Friday, February 18, 2011

Webinars, Webexes and other Webbed Presentations

In the last few weeks I've decided to jump into the deepend of the webinar pool. I've helped produce three webinars now.  The one on H1N1 was particularly fun.  At first, I found that it was a really cool, new media that plays to a very diverse audience.  This week, however, I realized that the "new" word doesn't apply.

There are dozens upon dozens of companies doing webinars.  For those of you who haven't gotten your webinar doctorate yet, a webinar, Webex or online presentation is basically a PowerPoint presentation given over the computer. It can be on any subject and there is a webinar on just about everything out there, from rocket science to science fiction. What's great is that it has an unfettered potential for reach.

Here are some of the traits the best webinars have in common:
1. They don't just  read the slide (this one applies to any presentation).
2. They use fun graphics, humor and charts to make it as visual as possible.
3. They have a theme and an outline.  Nobody likes to listen to someone rambling.
4. They give critical information and not just a sales pitch of where to pay for critical information.
5. Most important, there is call to action and follow-up. 
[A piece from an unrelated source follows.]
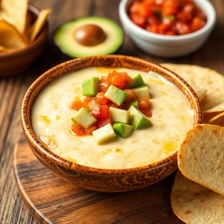 Un delicioso dip de queso derretido acompañado de aguacate y salsa fresca, ideal para compartir en reuniones o como aperitivo.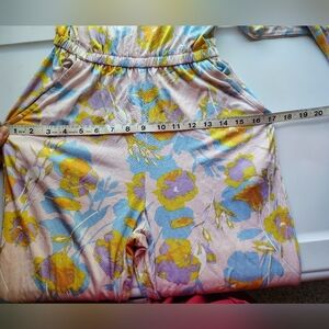 Rachel Pally strapless jumpsuit, pink with yellow flowers, with pockets, modal, full stretch, size XS, adjustable straps at waist, 26 inch inseam, 92% modal very soft fabric especially for sensitive skin, 8% spandex, 13 inch bust measurement that stretches up to 18 = 36 inches, 12 inch waist measurement that stretches up to 17 = 34 inches, 44 inch length, super comfy casual wear, summer, cruise vacation, clean garment in excellent condition.

Here are some of the worst traits of webinars I've seen:
1. They start slowly.  Start with a bang or else your audience is already checking their inbox.
2. The speaker isn't flexible enough to make it interactive.  Don't just answer questions at the end, use questions.
3. Roll with it.  If a slide doesn't advance or if there's an issue, just keep going.  If you spend a whole minute stopped, trying to figure out the program, you've lost your audience.
4. Practice. Show the presentation to an internal audience so if you stumble it's not in front of possible clients.
5. Energy, energy, energy.  Your audience can't see you.  The only way for them to stay engaged is through your energy and passion.